2. Exploitation of BGP Churn: BGP churn refers to changes in Internet routing paths due to dynamics like link failures and changes in routing policies. The analysis showed that over one month, the potential for Tor circuits to be exposed to AS-level adversaries increases by up to 50% due to BGP churn. This churn allows more ASes to observe traffic over time, thus augmenting the risk of traffic analysis attacks.
3. BGP Hijack and Interception Attacks: The paper examines the feasibility of AS-level adversaries conducting BGP hijacks and interceptions to target specific Tor guard nodes. Historical data show past BGP hijack incidents involved prefixes containing Tor relays, confirming the threat's realism. Moreover, the researchers conducted a controlled BGP interception attack on the live Tor network, successfully demonstrating the ability to deanonymize users with a 90% accuracy rate.

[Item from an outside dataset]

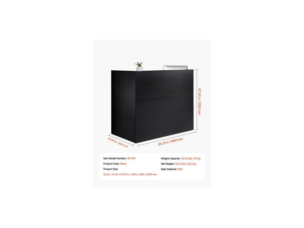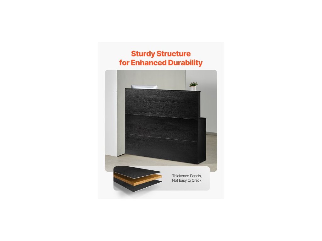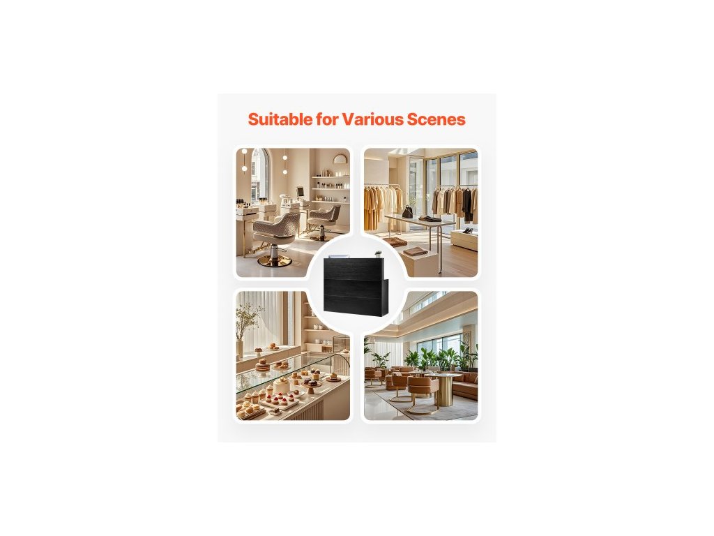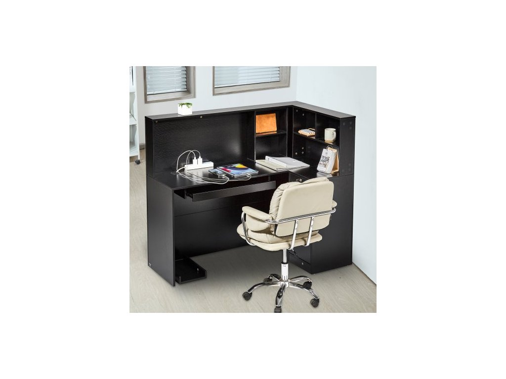 Recepční stůl , 55,12 x 31,50 x 47,24 palce, pultový stůl ve tvaru L, kancelářský recepční pult se zásuvkou, přihrádkou na klávesnici a úložnou skříňkou, pro pokladny, vstupní halu, kosmetický salon a kancelář, černýDostatek úložného prostoru
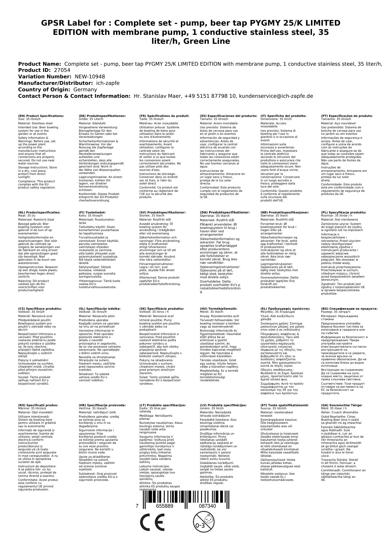 Kompletni set - Naprava za črpanje piva PYGMY 25/K LIMITED EDITION z membransko črpalko, enokanalni suhi hlajenje iz nerjavečega jekla, 35 litrov/h, Green Line.

Implications and Future Directions

The paper highlights significant implications for the privacy and security community. The demonstrated elevation in the threat level posed by AS-level adversaries necessitates redesigning anonymity systems to consider Internet routing dynamics more explicitly. There are several directions for future research and practical defenses:

• Countermeasures: The authors propose countermeasures including monitoring frameworks that leverage BGP and traceroute data to detect anomalies, enhancing the security posture of Tor relays by advertising /24 prefixes to prevent specific prefix hijacks, and favoring geographically and topologically closer relays, which could reduce vulnerability to certain attacks.
• Secure Routing Protocols: There is a need for deploying secure routing protocols like those enhancing BGP security to prevent hijack and interception attacks, although this requires substantial buy-in across the Internet governance landscape.
• AS-aware Anonymity: Future anonymity systems should consider integrating AS-awareness into their path selection algorithms, potentially mitigating the efficacy of AS-level attacks.

Conclusion

The Raptor suite of attacks paints a compelling case for reevaluating how anonymity networks like Tor conceptualize trust and adversarial capabilities regarding Internet architecture. The paper provides a thorough analysis, backed by experimental validation, thus contributing a crucial understanding of the additional layers of risk introduced by BGP dynamics. It calls for the development and adoption of more resilient frameworks to preserve the anonymity Tor users depend on. Overall, while the current anonymity offerings remain robust, they must adapt continuously to the evolving threat landscape characterized by the ever-dynamic nature of Internet routing.